Gonzalo Herreros is a Senior Big Data Architect on the AWS Glue team. He’s been an Apache Spark enthusiast since version 0.8. In his spare time, he likes playing board games.

Noritaka Sekiyama is a Principal Big Data Architect on the AWS Glue team. He works based in Tokyo, Japan. He is responsible for building software artifacts to help customers. In his spare time, he enjoys cycling with his road bike.

Bo Li is a Senior Software Development Engineer on the AWS Glue team. He is devoted to designing and building end-to-end solutions to address customer’s data analytic and processing needs with cloud-based data-intensive technologies.

Rajendra Gujja is a Senior Software Development Engineer on the AWS Glue team. He is passionate about distributed computing and everything and anything about the data.

Savio Dsouza is a Software Development Manager on the AWS Glue team. His team works on solving challenging distributed systems problems for data integration on Glue platform for customers using Apache Spark.

Mohit Saxena is a Senior Software Development Manager on the AWS Glue team. His team works on distributed systems for building data lakes on AWS and simplifying integration with data warehouses for customers using Apache Spark.


Appendix: TPC-DS benchmark on AWS Glue against a dataset on Amazon S3

To perform a TPC-DS benchmark on AWS Glue against a dataset in an S3 bucket, you need to copy the TPC-DS dataset into your S3 bucket. These instructions are based on emr-spark-benchmark:

  1. Create a new S3 bucket in your test account if needed. In the following code, replace $YOUR_S3_BUCKET with your S3 bucket name. We suggest you export YOUR_S3_BUCKET as an environment variable:
export YOUR_S3_BUCKET=<Your bucket name>
aws s3 mb s3://$YOUR_S3_BUCKET
  1. Copy the TPC-DS source data as input to your S3 bucket.
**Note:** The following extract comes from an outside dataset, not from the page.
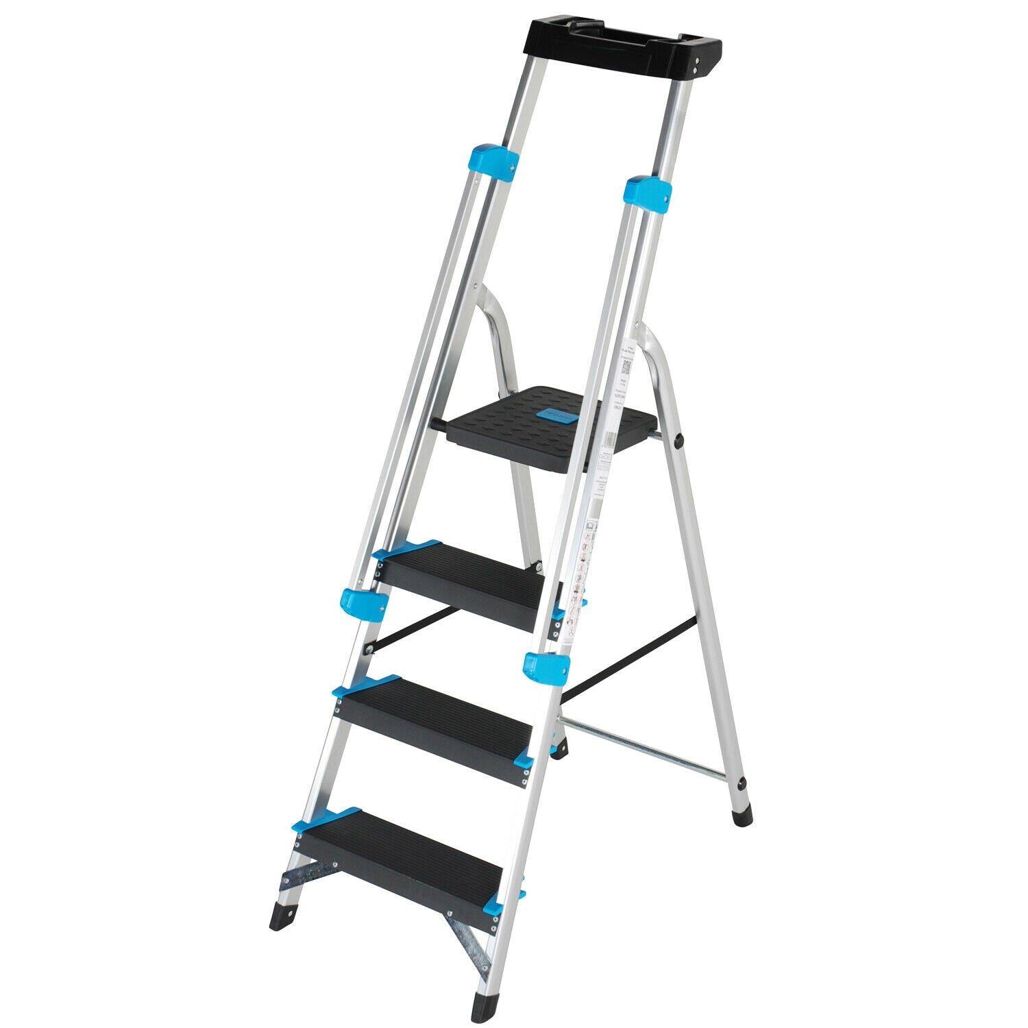 0.8m XL Platform Step Ladders 4 Tread Anti Slip Steps & Tool Tray Aluminium

If it’s not exported as an environment variable, replace $YOUR_S3_BUCKET with your S3 bucket name:
aws s3 sync s3://blogpost-sparkoneks-us-east-1/blog/BLOG_TPCDS-TEST-3T-partitioned/ s3://$YOUR_S3_BUCKET/blog/BLOG_TPCDS-TEST-3T-partitioned/
  1. Build the benchmark application following the instructions in Steps to build spark-benchmark-assembly application.

For your convenience, we have provided the sample application JAR file spark-benchmark-assembly-3.3.0.jar, which we built for AWS Glue 4.0.

  1. Upload the spark-benchmar-assembly JAR file to your S3 bucket.
  2. In AWS Glue Studio, create a new AWS Glue job through the script editor:
    1. Under Job details, for Type, choose Spark.
    2. For Glue version, choose Glue 4.0 – Supports spark 3.3, Scala 2, Python 3.
    3. For Language, choose Scala.
    4. For Worker type, choose your preferred worker type.
    5. For Requested number of workers, choose your preferred number.
    6. Under Advanced properties, for Dependent JARs path, enter your S3 path for the spark-benchmark-assembly JAR file.
    7. For Script, enter the following code snippet:
import com.amazonaws.eks.tpcds.BenchmarkSQL

object GlueApp {
  def main(sysArgs: Array[String]): Unit = {
    BenchmarkSQL.main(
      Array(
        "s3://YOUR_S3_BUCKET/blog/BLOG_TPCDS-TEST-3T-partitioned",
        "s3://YOUR_S3_BUCKET/blog/GLUE_TPCDS-TEST-3T-RESULT/", 
        "/opt/tpcds-kit/tools", 
        "parquet", 
        "3000", 
        "3", 
        "false", 
        "q1-v2.4,q10-v2.4,q11-v2.4,q12-v2.4,q13-v2.4,q14a-v2.4,q14b-v2.4,q15-v2.4,q16-v2.4,q17-v2.4,q18-v2.4,q19-v2.4,q2-v2.4,q20-v2.4,q21-v2.4,q22-v2.4,q23a-v2.4,q23b-v2.4,q24a-v2.4,q24b-v2.4,q25-v2.4,q26-v2.4,q27-v2.4,q28-v2.4,q29-v2.4,q3-v2.4,q30-v2.4,q31-v2.4,q32-v2.4,q33-v2.4,q34-v2.4,q35-v2.4,q36-v2.4,q37-v2.4,q38-v2.4,q39a-v2.4,q39b-v2.4,q4-v2.4,q40-v2.4,q41-v2.4,q42-v2.4,q43-v2.4,q44-v2.4,q45-v2.4,q46-v2.4,q47-v2.4,q48-v2.4,q49-v2.4,q5-v2.4,q50-v2.4,q51-v2.4,q52-v2.4,q53-v2.4,q54-v2.4,q55-v2.4,q56-v2.4,q57-v2.4,q58-v2.4,q59-v2.4,q6-v2.4,q60-v2.4,q61-v2.4,q62-v2.4,q63-v2.4,q64-v2.4,q65-v2.4,q66-v2.4,q67-v2.4,q68-v2.4,q69-v2.4,q7-v2.4,q70-v2.4,q71-v2.4,q72-v2.4,q73-v2.4,q74-v2.4,q75-v2.4,q76-v2.4,q77-v2.4,q78-v2.4,q79-v2.4,q8-v2.4,q80-v2.4,q81-v2.4,q82-v2.4,q83-v2.4,q84-v2.4,q85-v2.4,q86-v2.4,q87-v2.4,q88-v2.4,q89-v2.4,q9-v2.4,q90-v2.4,q91-v2.4,q92-v2.4,q93-v2.4,q94-v2.4,q95-v2.4,q96-v2.4,q97-v2.4,q98-v2.4,q99-v2.4,ss_max-v2.4", 
        "true"
      )
    )
  }
}
  1. Save and run the job.

The result file will be stored under s3://YOUR_S3_BUCKET/blog/GLUE_TPCDS-TEST-3T-RESULT/.